PROBLEM TO SOLVE: Each line in the material below must be transcribed exactly; no picture belongs in the copy.

PROVIDED MATERIAL:
***

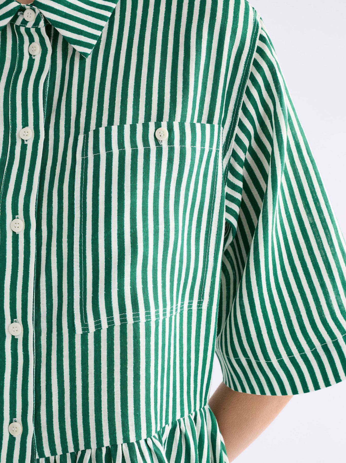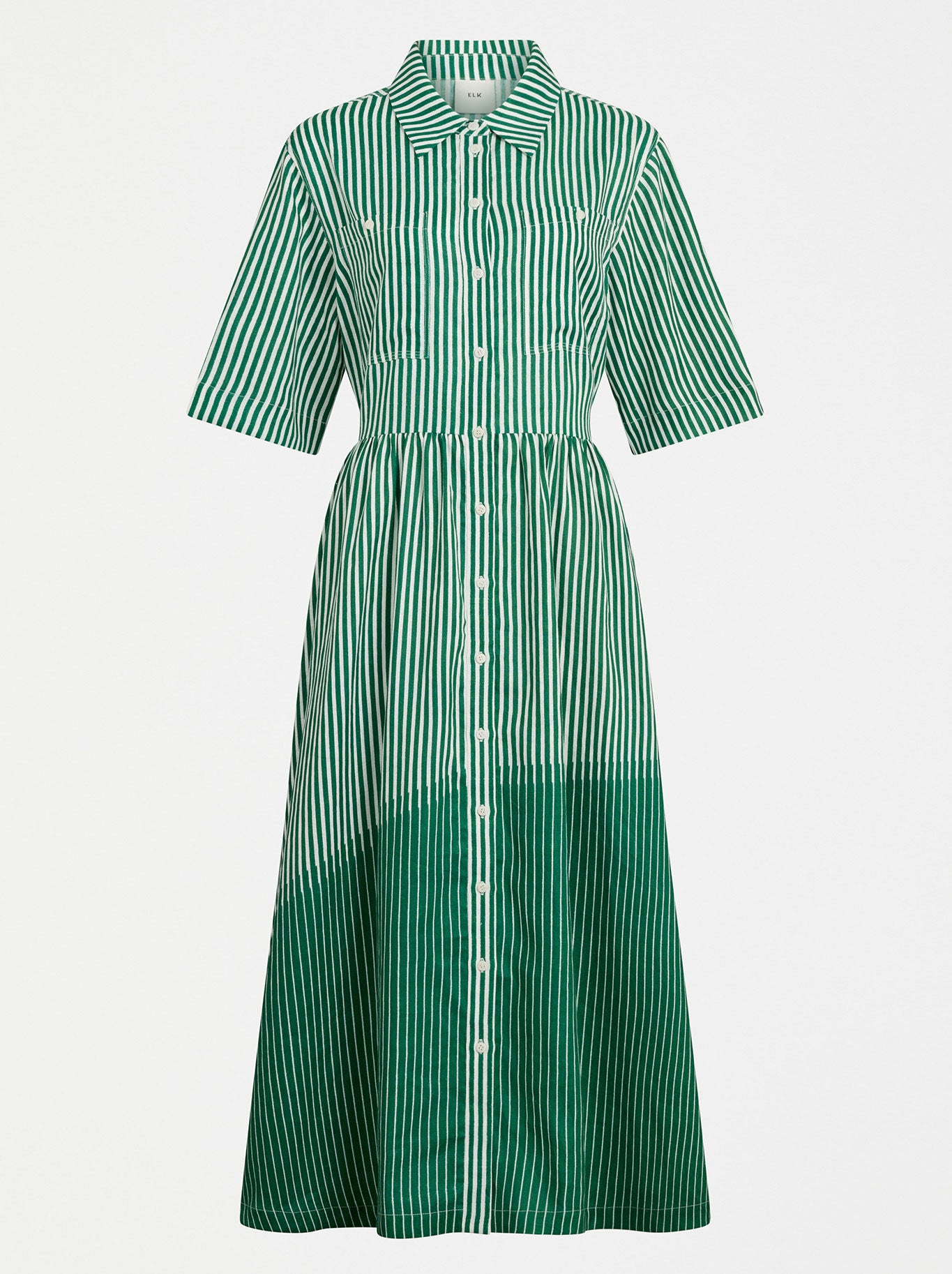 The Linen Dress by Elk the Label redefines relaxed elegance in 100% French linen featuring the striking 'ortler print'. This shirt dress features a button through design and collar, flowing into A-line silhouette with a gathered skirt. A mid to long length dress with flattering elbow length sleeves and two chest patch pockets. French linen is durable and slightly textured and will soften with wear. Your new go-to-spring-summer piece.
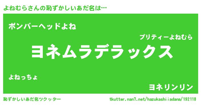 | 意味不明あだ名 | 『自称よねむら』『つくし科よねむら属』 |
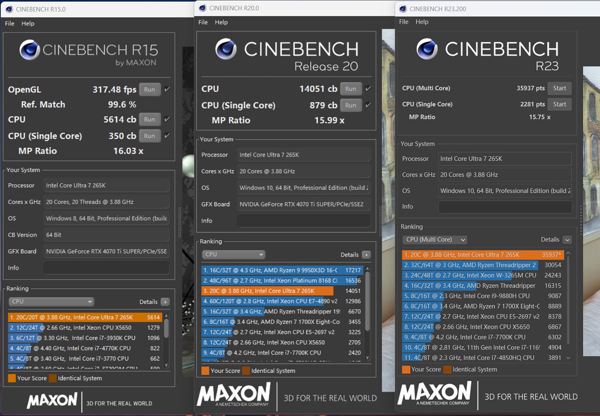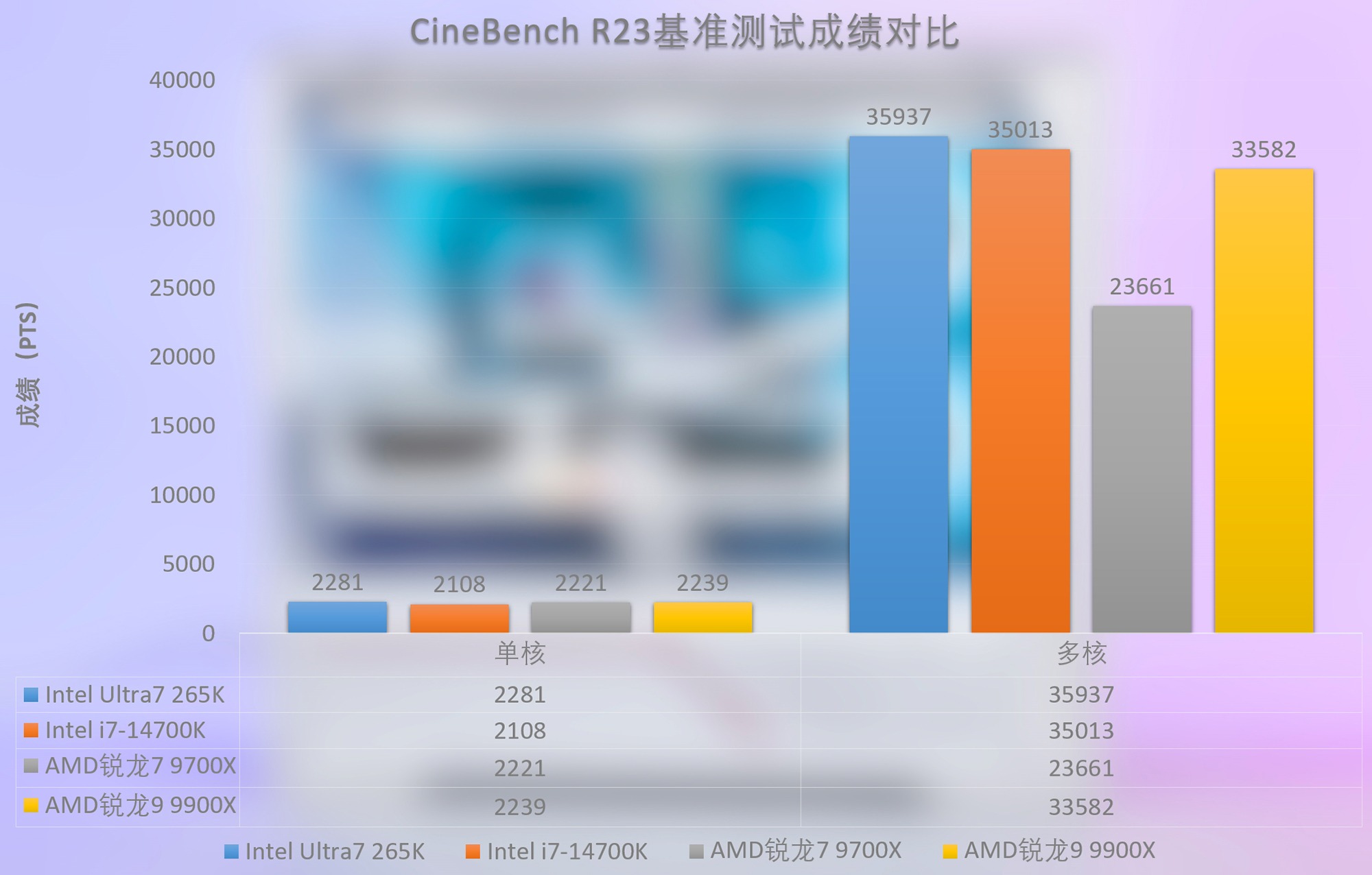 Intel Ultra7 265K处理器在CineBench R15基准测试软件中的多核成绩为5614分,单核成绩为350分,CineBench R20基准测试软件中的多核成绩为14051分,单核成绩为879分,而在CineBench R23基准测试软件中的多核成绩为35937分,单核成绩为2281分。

***

RESULT BELOW:
 The Linen Dress by Elk the Label redefines relaxed elegance in 100% French linen featuring the striking 'ortler print'. This shirt dress features a button through design and collar, flowing into A-line silhouette with a gathered skirt. A mid to long length dress with flattering elbow length sleeves and two chest patch pockets. French linen is durable and slightly textured and will soften with wear. Your new go-to-spring-summer piece.
 | 意味不明あだ名 | 『自称よねむら』『つくし科よねむら属』 |
 Intel Ultra7 265K处理器在CineBench R15基准测试软件中的多核成绩为5614分,单核成绩为350分,CineBench R20基准测试软件中的多核成绩为14051分,单核成绩为879分,而在CineBench R23基准测试软件中的多核成绩为35937分,单核成绩为2281分。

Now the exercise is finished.